A Sydney law firm has suggested that people should set up a self-managed superannuation fund (SMSF) if their public offer Australian Prudential Regulation Authority (APRA)-regulated fund does not provide the ability to make a binding death benefit nomination (BDBN).
Townsends Business and Corporate Lawyers special counsel, Brian Hor has cited a recent South Australian Supreme Court case as a cautionary tale around the importance of making BDBNs which could give rise to the need to establish an SMSF.
The case, Brine v Carter [2015] SASC 205, involved a deceased member of a public offer appointing his three adult sons and his de facto spouse as the executors of his Will.
He had two accounts with the super fund and, before he died, he wrote to the fund trustee to nominate his spouse to be the beneficiary of his indexed pension account, whilst the beneficiary of his other account was to be his estate because he had provided for his sons under his Will.

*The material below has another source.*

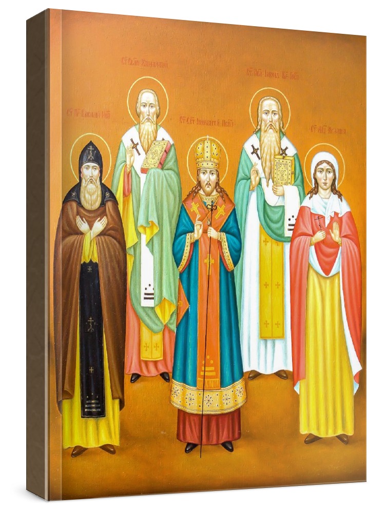 Василий, харлампий, акилина и иннокентий пензенский (икона на дереве). Икона на заказ. Срок изготовления - 5-14 дней. Изображение нанесено на основу из натурального хвойного дерева методом прямой печати (не полиграфия). Деревянная основа иконы подвержена искусственному старению. Лик покрыт специальным лаком, что защищает икону от воздействий окружающей среды и обеспечивает хранение иконы в первозданном виде в течение нескольких десятилетий. Цена зависит от размера иконы (высота может незначительно отличаться от указанной величины в связи с точным соблюдением пропорций образца-оригинала): 10x13 - 1500 руб. 30x40 - 5000 руб. 60x80 - 15000 руб. 15x18 - 2250 руб. 40x60 - 8000 руб. 80x120 - 20000 руб. 20x25 - 3000 руб.

However, Hor pointed out that these communications from the deceased member did not represent binding nominations and after he died, his de facto spouse initially contacted the super fund and sought to have both of the deceased's super accounts paid solely to her as the dependant spouse.
He said that she then misrepresented to her co-executors (the three sons) that they and the estate were not eligible to receive any of the super so that she had to receive it all. Subsequently the sons found out from the super fund that in fact they and/or the estate could be considered for the exercise of discretion of the trustee to receive a death benefit payment from the fund (although the trustee did warn them that the trustee's practice was to invariably exercise its discretion in favour of a dependant rather than the estate, even if the deceased had made a non-binding nomination in favour of the estate).
Once the three sons discovered the spouse's misrepresentation of the situation, they lodged a claim to the fund trustee that it should exercise its discretion in favour of the estate. However, as they were previously warned, the trustee ended up exercising its discretion in favour of the dependant spouse as to 100 per cent of the death benefits.
Hor said that when the matter came to the Court, it was held that, notwithstanding the misrepresentations by the spouse and breach of her fiduciary duties as an executor up to the point in time when the three sons discovered her deceit, thereafter the actions of the sons in making a claim on behalf of the estate (without the spouse's involvement) effectively meant that they had accepted that she was not acting as an executor in the matter so that she was therefore entitled to pursue her claim for payment in her own personal capacity and not as a co-executor. Since she was no longer acting as an executor, she was therefore not in breach of her duties as such, and therefore was entitled to receive the payment herself without having to account to the estate for it.
"Ironically, if the three sons did not make a separate competing claim (which effectively operated as a consent to the spouse claiming in her own right), the spouse would have been held to be in breach of her duties as an executor and have to pay the money to the estate! As a result, notwithstanding her dishonest conduct, she won the case."
Hor said the outcome suggested that people should consider that if their public offer super fund did not allow them to make a BDBN, they should consider establishing a new SMSF that does allow the making of a non-lapsing BDBN, and then rollover your super accounts into the new fund so you can make the desired BDBN.